The Morrisons case has shown that even if your data compliance is squeaky clean, even incidents outside your control can lead to legal headaches. It also highlights that with the right “legal” push individual citizens, aware of their rights (the fact that the GDPR allows for civil damages) to seek damages. So whether you’re compliant or not, we could see a rise in civil liability cases where consumers/citizens are exercising their rights and suing for damages, assuming Morrisons don’t win their second appeal.

More clarity

Pretty much a given. As 2019 rolls on, we’re going to see more guidance from the ICO and the government around the use of data and associated compliance. We’ve already had a flurry of new pieces of guidance from the ICO over recent months and it’s (hopefully) set to continue into the new year.

e-Privacy

We’ve been promised new e-Privacy regulations for the last couple of years. Improved cookie controls and maybe changes to the consent mechanisms for digital marketing, but we’re still waiting. The new e-Privacy Regulation was due to come into force at the same time as GDPR but it never materialised and is currently tangled up in debate, changes in presidency of the EU as well as changing EU priorities. Some question the need for a new regulation and indeed there is a lot of uncertainty about what might happen when we Brexit in terms of how the regulation is implemented in UK law (if at all)  – the ICO thinking is that it is unlikely the e-Privacy Regulation will be here before Brexit.

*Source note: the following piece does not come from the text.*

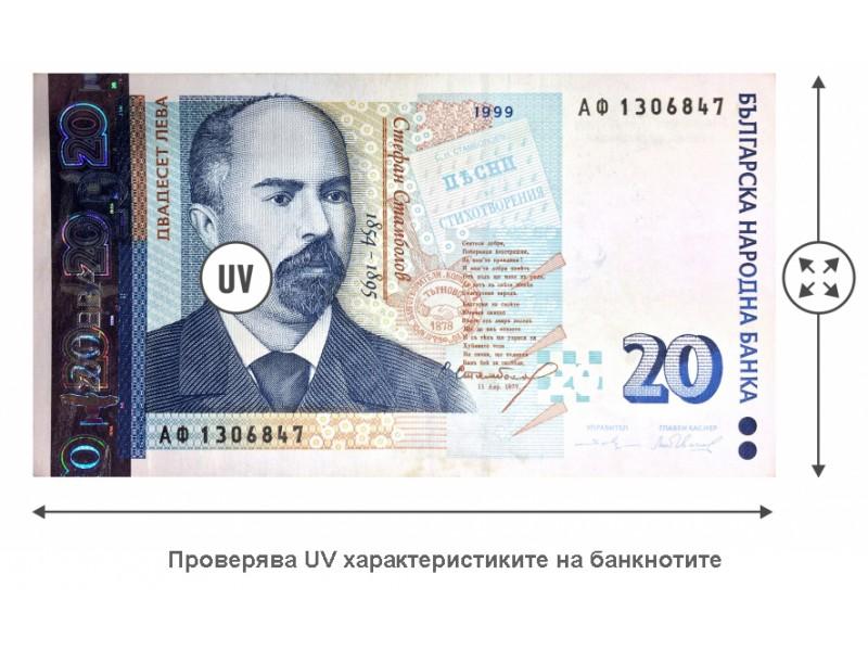 - Проверява банкнотите по до два защитни елемента: ултравиолетово мастило и размер

If we’re honest, this one is difficult to call as a prediction for 2019 – there’s as much of a chance of it not happening at all (in which case the UK’s Privacy & Electronic Communications Regulations will still apply) as it being rolled out across Europe with the complications of what that will mean in a post- Brexit UK. But it remains an area to keep a watching brief as it could impact how businesses utilise cookies, tracking pixels, etc. and what consents are required for email, SMS, messenger and other digital marketing.

Bring on 2019!

So, no matter what 2019 brings for your business or organisation, we hope 2019 is a great year for you and a great year for digital compliance.  Either way, the Digital Compliance Hub will be here, continuing to support its members as well as welcoming new members, as we continue through 2019 and beyond providing the support and help that businesses and organisation need to make sure they’re compliant and ahead of the competition.